It’s drinking the water!

I have a list of life goals, and somewhere on that list is ‘use a drinking bird toy to solve a problem’.  I leave it to you to judge what insight this offers into my character.

(This site has moved to, go there if you have comments or questions)

I have not yet crossed this item off the list, but naturally in order to get underway I should first at least own a dippy  bird. It turns out they can be had from DealExtreme for a very reasonable $4, so I’m now marginally closer to achieving a life goal. I don’t have an application in mind just at the moment; the classic is pushing a button repeatedly or triggering a motion sensor but to my immeasurable displeasure neither of those represent a problem for me right now. Since I haven’t yet  identified a clever use, today we’re going to talk about  a completely stupid one: a drinking bird as a temperature sensor.

The dippy bird is a popular physics toy, because it demonstrates a lot of interesting thermodynamic principles (actually that’s not entirely true; there’s no such thing as an interesting thermodynamic principle). There is no shortage of explanations online about how the toy works, but to recap:

  1. The bird consists of two chambers (body and head) connected by a tube; the body is filled with a volatile solvent.
  2. The head is covered in felt; when the felt is wet the head is cooled through evaporation.
  3. This lowers the pressure in the head and draws liquid up the neck
  4. The bird becomes top heavy and tips over, which empties the liquid back into the lower chamber. Cycle restarts.

The traditional glass of water just serves to keep the felt wet; the bird will continue to dip without it until the head dries.

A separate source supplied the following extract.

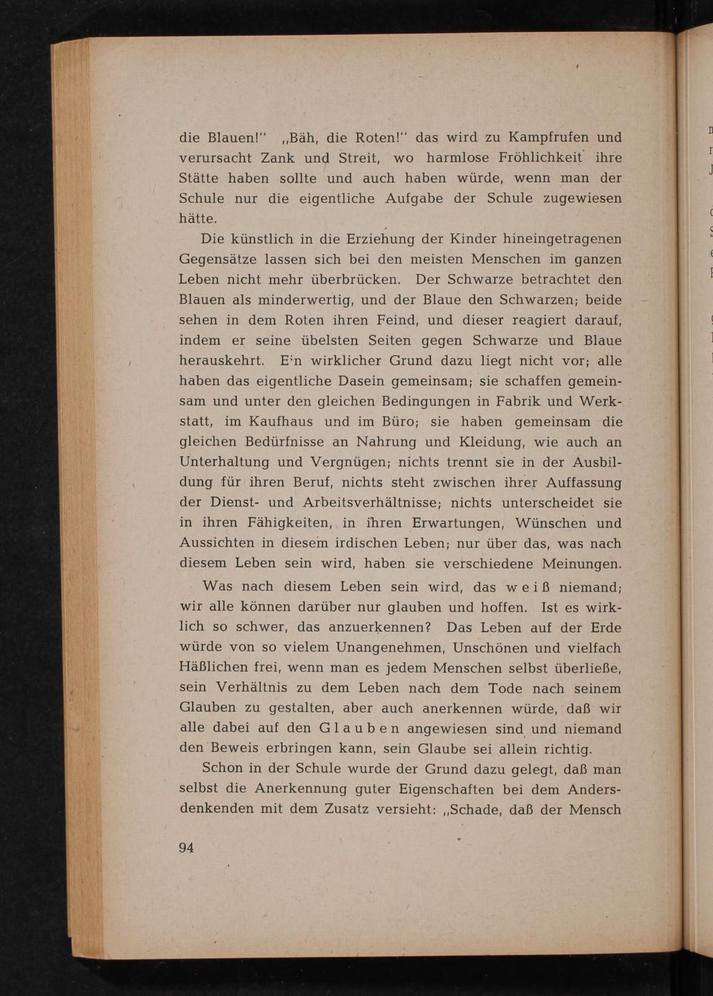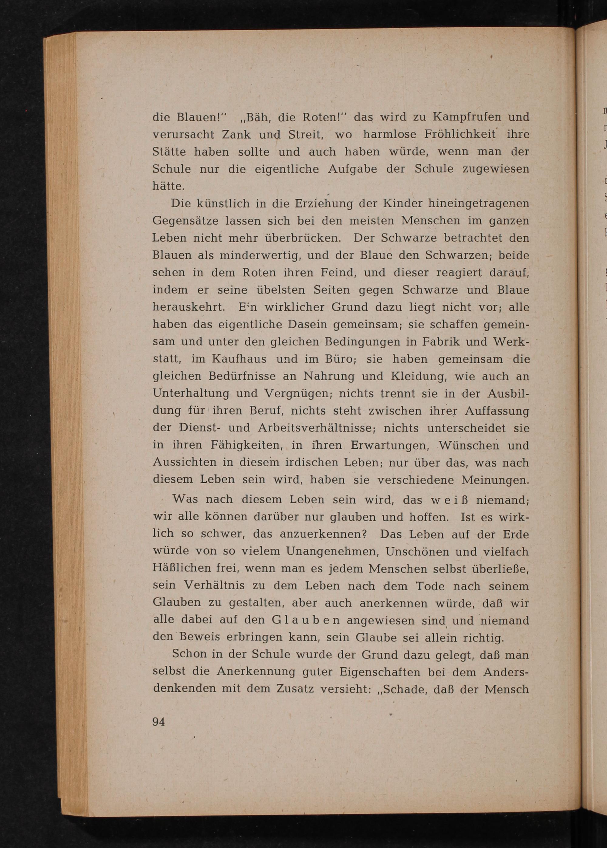 Die künstlich in die Erziehung der Kinder hineingetragenen Gegensätze lassen sich bei den meisten Menschen im ganzen Leben nicht mehr überbrücken. Der Schwarze betrachtet den Blauen als minderwertig, und der Blaue den Schwarzen; beide sehen in dem Roten ihren Feind, und dieser reagiert darauf, indem er seine übelsten Seiten gegen Schwarze und Blaue herauskehrt. Ein wirklicher Grund dazu liegt nicht vor; alle haben das eigentliche Dasein gemeinsam; sie schaffen gemeinsam und unter den gleichen Bedingungen in Fabrik und Werkstatt, im Kaufhaus und im Büro; sie haben gemeinsam die gleichen Bedürfnisse an Nahrung und Kleidung, wie auch an Unterhaltung und Vergnügen; nichts trennt sie in der Ausbildung für ihren Beruf, nichts steht zwischen ihrer Auffassung der Dienst- und Arbeitsverhältnisse; nichts unterscheidet sie in ihren Fähigkeiten, in ihren Erwartungen, Wünschen und Aussichten in diesem irdischen Leben; nur über das, was nach diesem Leben sein wird, haben sie verschiedene Meinungen.
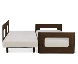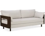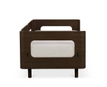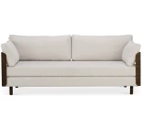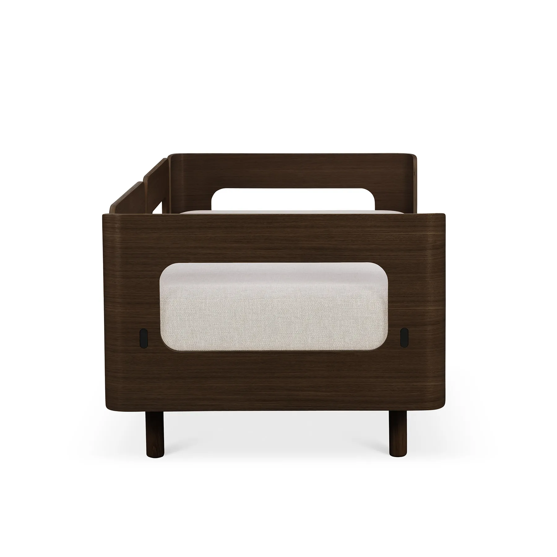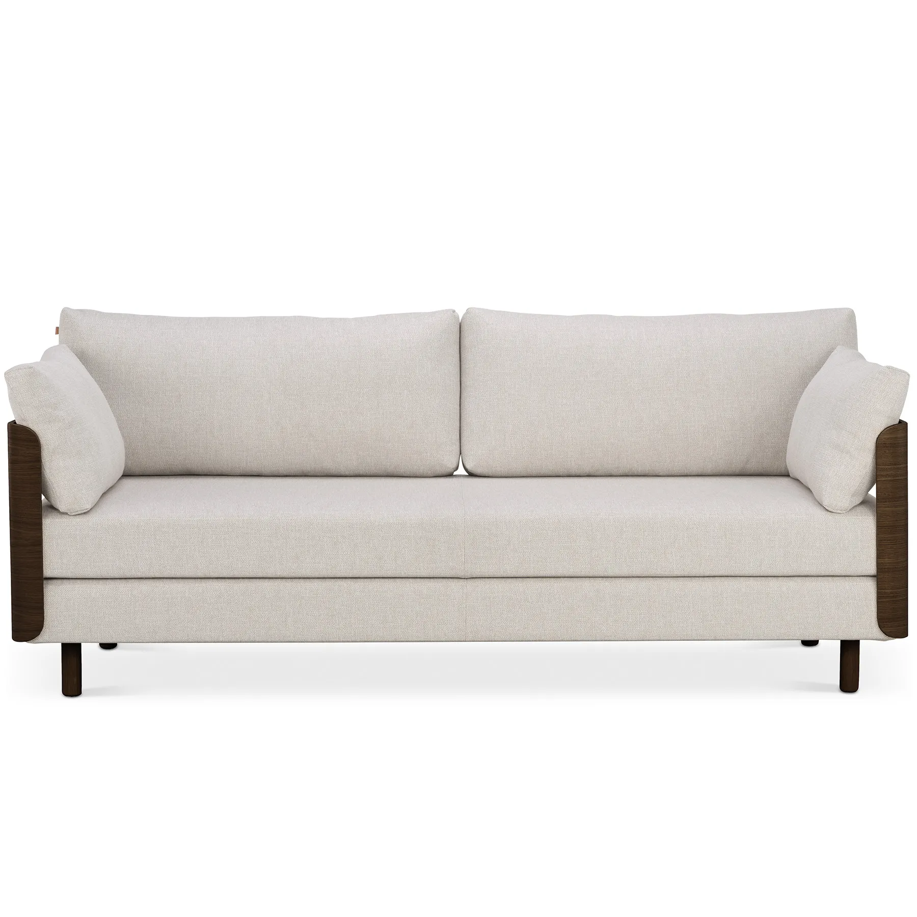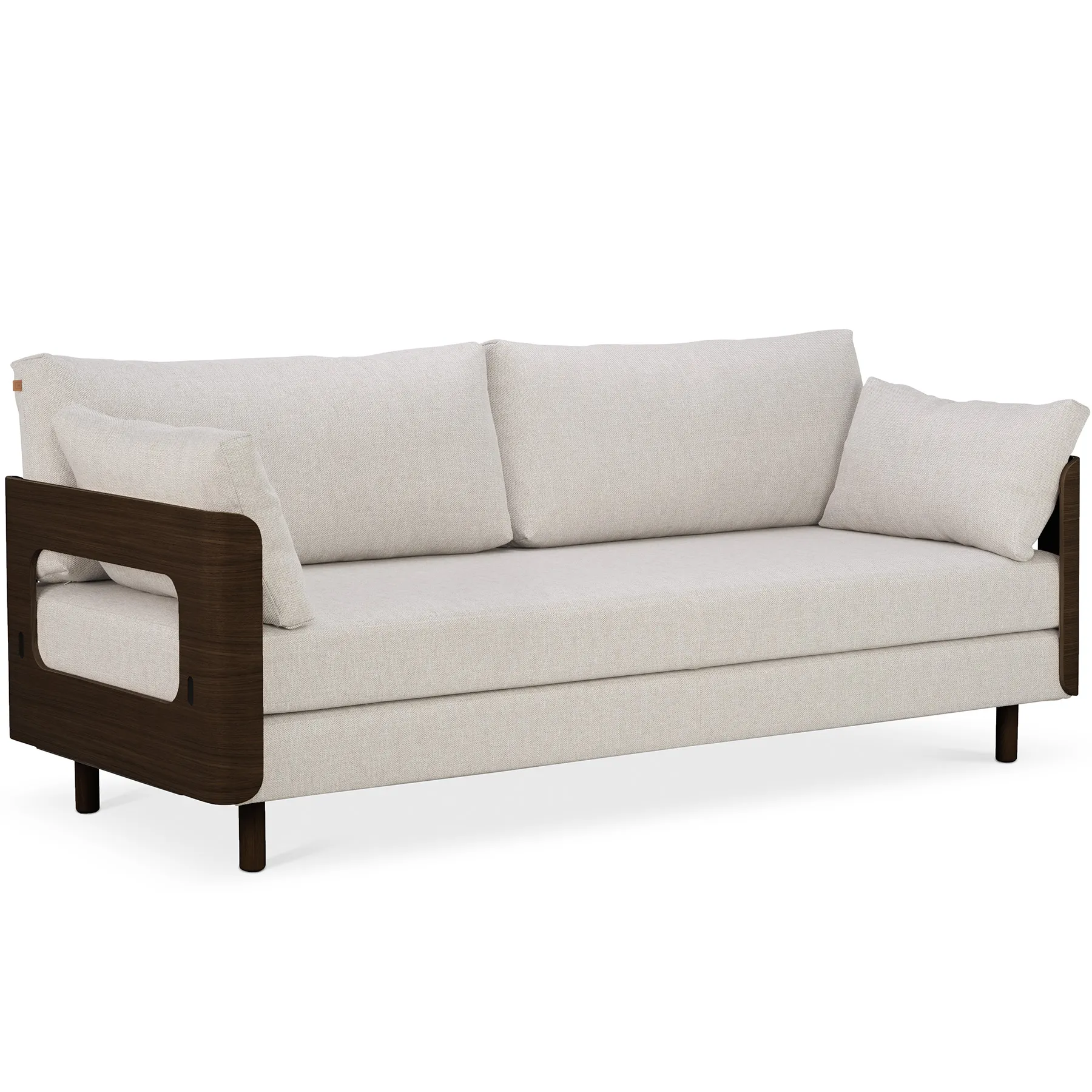 Rakenne perustuu kahteen erilliseen runkoon, jotka yhdessä muodostavat vakaan vuodratkaisun. Runko yhdistää koivuvanerin ja laminoidun tammivanerin, ja puuosissa on tumma tammiviimeistely, joka tuo tilaan lisää syvyyttä ja kontrastia. Istu- ja selkätyynyt on pehmustettu vaahdolla ja polyesterikuidulla, mikä antaa tasaisen tuen sekä sohva- että vuodeasennossa.

As mentioned, there is a lot of physics happening in this bird, but as an experimental physicist I have no intention of invoking specific evaporation enthalpies or endoreversible heat engines. What I see when I look at this toy is:

Dip period = f(temperature, humidity, wind)

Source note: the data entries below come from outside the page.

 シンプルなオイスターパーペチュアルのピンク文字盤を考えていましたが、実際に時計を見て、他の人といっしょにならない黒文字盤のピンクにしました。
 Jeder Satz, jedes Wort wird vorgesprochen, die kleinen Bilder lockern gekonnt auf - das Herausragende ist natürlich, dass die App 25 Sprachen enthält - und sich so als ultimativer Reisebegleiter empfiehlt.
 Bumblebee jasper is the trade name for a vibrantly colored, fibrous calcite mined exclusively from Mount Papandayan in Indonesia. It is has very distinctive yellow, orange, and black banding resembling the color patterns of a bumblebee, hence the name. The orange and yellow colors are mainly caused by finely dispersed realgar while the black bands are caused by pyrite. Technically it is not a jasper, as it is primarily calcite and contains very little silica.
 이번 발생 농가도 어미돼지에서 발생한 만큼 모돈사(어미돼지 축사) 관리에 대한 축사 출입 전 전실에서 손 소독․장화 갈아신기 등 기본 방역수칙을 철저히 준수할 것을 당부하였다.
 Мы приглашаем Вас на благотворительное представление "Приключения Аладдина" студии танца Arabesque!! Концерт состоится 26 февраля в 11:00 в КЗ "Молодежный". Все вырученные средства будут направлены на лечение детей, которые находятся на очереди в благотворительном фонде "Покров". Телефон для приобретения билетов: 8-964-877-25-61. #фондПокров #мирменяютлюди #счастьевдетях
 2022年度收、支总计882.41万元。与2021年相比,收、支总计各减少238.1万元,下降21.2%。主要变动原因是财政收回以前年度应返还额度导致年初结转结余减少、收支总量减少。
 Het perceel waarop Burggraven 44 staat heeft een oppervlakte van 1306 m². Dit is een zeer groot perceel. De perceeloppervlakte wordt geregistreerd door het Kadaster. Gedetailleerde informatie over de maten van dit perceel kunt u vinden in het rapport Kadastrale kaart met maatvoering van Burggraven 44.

where f is some function containing thermodynamics voodoo. I don’t particularly care about predicting f, I just want to know whether there is a predictable relationship between dipping period and the ambient temperature. This would form the basis of our temperature sensor. I figure I should be able to just take some measurements and work something out empirically.

Taking data

I set up the bird next to my desk for a few days with some data logging electronics. I’m measuring three quantities: ambient temperature with a DS18B20 temperature probe, relative humidity with an HH10D capacitive sensor and dipping period with a photo-interrupter ripped out of an old CD-ROM drive. (I tacked a piece of business card onto the body to trip the photointerrupter). Since this is indoors, we can eliminate wind as a variable.

Science in action. Humidity sensor not shown

With a glass of water to keep the felt wet, the bird is happy to keep drinking for a very long time. I left this apparatus running for about 2 days, after which I got sick of it distracting me and dismantled it. This length of time constituted something like 5000 drinking cycles. The data is available here if you want to play with it, but allow me to plot it out:


Let me first note that the relative humidity (blue trace) is not calibrated (the I2C on that unit appeared to be broken, so I had to just use typical values), though I would still expect it to capture trends in the humidity.

The temperature (green trace) varies periodically over 24 hours as one might expect, but the overall variation is quite small since this is a climate controlled office (19.5 ± 1) °C.

The dipping period (red trace) is extremely noisy, and over small timescales quite unpredictable. I’ve marked two points of significance on the plot above. At some point I opened the window next to the bird, and with the rapid changes in temperature, airflow and humidity the bird went completely nuts (also reflected in the temperature). The second point happened when I topped up the glass the bird was drinking from, I’m guessing this temporarily spiked the evaporation rate.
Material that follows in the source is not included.